→ **What is expected**
Please reproduce the data exactly and omit the pictures.

::: Input data :::

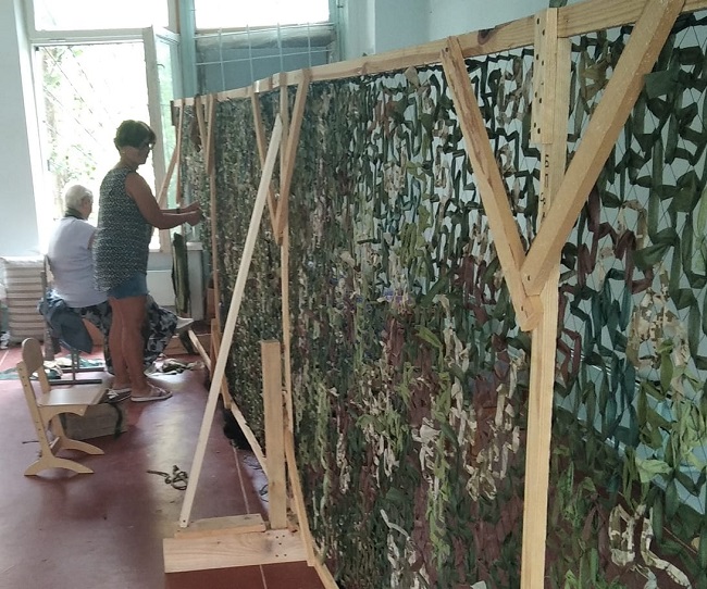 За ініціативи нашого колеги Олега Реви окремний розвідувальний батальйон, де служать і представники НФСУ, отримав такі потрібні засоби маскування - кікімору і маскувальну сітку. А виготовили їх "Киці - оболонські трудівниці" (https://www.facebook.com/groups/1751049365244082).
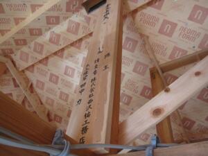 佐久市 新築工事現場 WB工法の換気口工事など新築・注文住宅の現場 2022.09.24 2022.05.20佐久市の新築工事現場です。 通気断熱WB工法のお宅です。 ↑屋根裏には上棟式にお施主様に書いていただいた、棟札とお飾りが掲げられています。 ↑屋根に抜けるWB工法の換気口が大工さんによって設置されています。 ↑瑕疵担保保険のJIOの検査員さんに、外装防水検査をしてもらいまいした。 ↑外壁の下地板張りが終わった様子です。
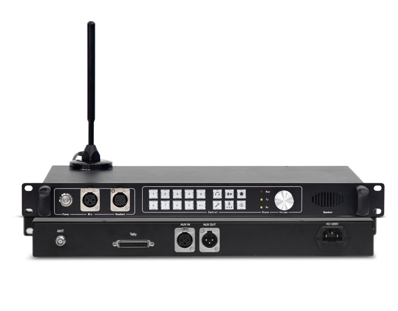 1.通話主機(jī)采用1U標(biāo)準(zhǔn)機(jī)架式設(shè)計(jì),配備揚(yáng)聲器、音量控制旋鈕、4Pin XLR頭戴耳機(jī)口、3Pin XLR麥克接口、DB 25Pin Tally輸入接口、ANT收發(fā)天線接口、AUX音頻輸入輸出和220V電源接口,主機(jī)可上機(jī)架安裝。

:::

→ **Response to the exercise**
 За ініціативи нашого колеги Олега Реви окремний розвідувальний батальйон, де служать і представники НФСУ, отримав такі потрібні засоби маскування - кікімору і маскувальну сітку. А виготовили їх "Киці - оболонські трудівниці" (https://www.facebook.com/groups/1751049365244082).
 佐久市 新築工事現場 WB工法の換気口工事など新築・注文住宅の現場 2022.09.24 2022.05.20佐久市の新築工事現場です。 通気断熱WB工法のお宅です。 ↑屋根裏には上棟式にお施主様に書いていただいた、棟札とお飾りが掲げられています。 ↑屋根に抜けるWB工法の換気口が大工さんによって設置されています。 ↑瑕疵担保保険のJIOの検査員さんに、外装防水検査をしてもらいまいした。 ↑外壁の下地板張りが終わった様子です。
 1.通話主機(jī)采用1U標(biāo)準(zhǔn)機(jī)架式設(shè)計(jì),配備揚(yáng)聲器、音量控制旋鈕、4Pin XLR頭戴耳機(jī)口、3Pin XLR麥克接口、DB 25Pin Tally輸入接口、ANT收發(fā)天線接口、AUX音頻輸入輸出和220V電源接口,主機(jī)可上機(jī)架安裝。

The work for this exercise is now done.